Kolata gives the explanation that men exaggerate while women minimize their misbehavior. But she ignores other possible explanations, such as men having a different definition from women. These surveys don't usually define a sex act or sex partner, and people really do have different definitions.
Update: A reader cites this:
Women are more likely than men to lie about their sex lives, reveals a new study. ...The reader also gives an example where the median can be different from the mean. A small number of sluts can increase the averages, and increase the median for men, but not affect the measured median for women. But Kolata says:
Women change their answers depending on whether or not they believe they will be caught out not telling the truth, the researchers found. The number of sexual partners a woman reported nearly doubled when women thought they were hooked up to a lie detector machine.
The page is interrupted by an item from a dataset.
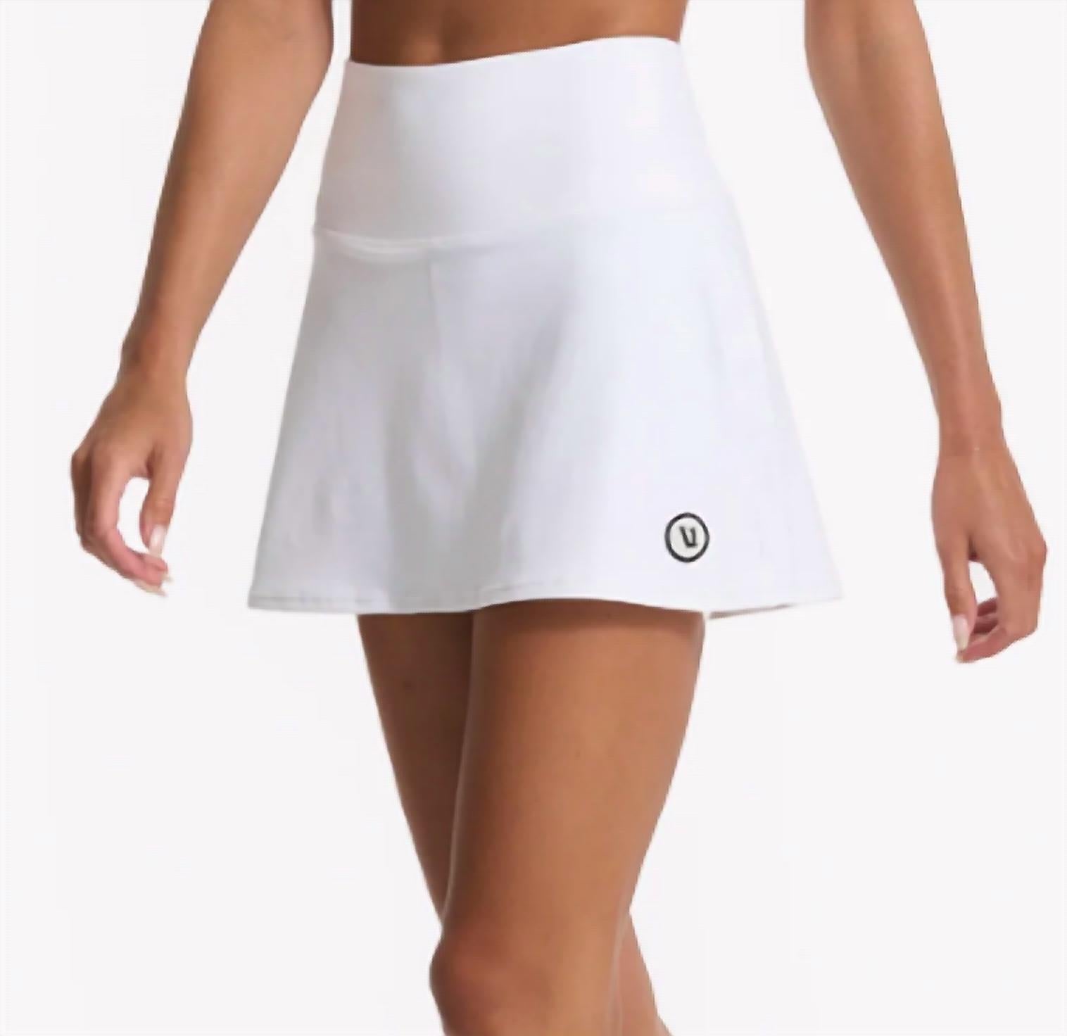 Dress this pencil skirt up with a blazer or down with your favorite tee. So versatile and timeless. Introducing the Women's Volley Skirt by Vuori, an athleisure essential in a crisp white hue. This solid high-rise pencil skirt features a comfy inner short, enhancing its function with side and tennis ball pockets. Made from sweat-wicking BreatheInterlock™ nylon, it ensures comfort on and off the court. The pull-on style makes it perfect for game day, and it's easy to maintain with a simple machine wash.

Dr. Gale added that he is not just being querulous when he raises the question of logical impossibility. The problem, he said, is that when such data are published, with no asterisk next to them saying they can’t be true, they just "reinforce the stereotypes of promiscuous males and chaste females."The suggestion here is that the study authors are publishing inconsistent data, and failing to even notice that the problem. But that is just not true about the govt study cited above. Here is the USA CDC study. This AP story on it even has a correction:
(This version CORRECTS that figures for lifetime sexual partners were median figures, not averages.)Now Kolata and Gale should issue a correction because the CDC study measured the median, and it probably is true that men have a higher median number of sex partners than women.
I mentioned this CDC study before here. Justoneminute makes a similar point, and gives a nice explanation as why median and mean are different in this case.
5 comments:
Hey Roger,
You've got it wrong. Try working out your scenario.
100 men
100 women
2 women each have sex with all 100 men. All of the other women are virgins. That means the men have had an average of 2 partners each
The two women have had sex with one hundred men each. That's two hundred partners between the two of them, averaged over all 100 hundred women yields a mean of 2 partners each for the women. Exactly the mean (average) for men.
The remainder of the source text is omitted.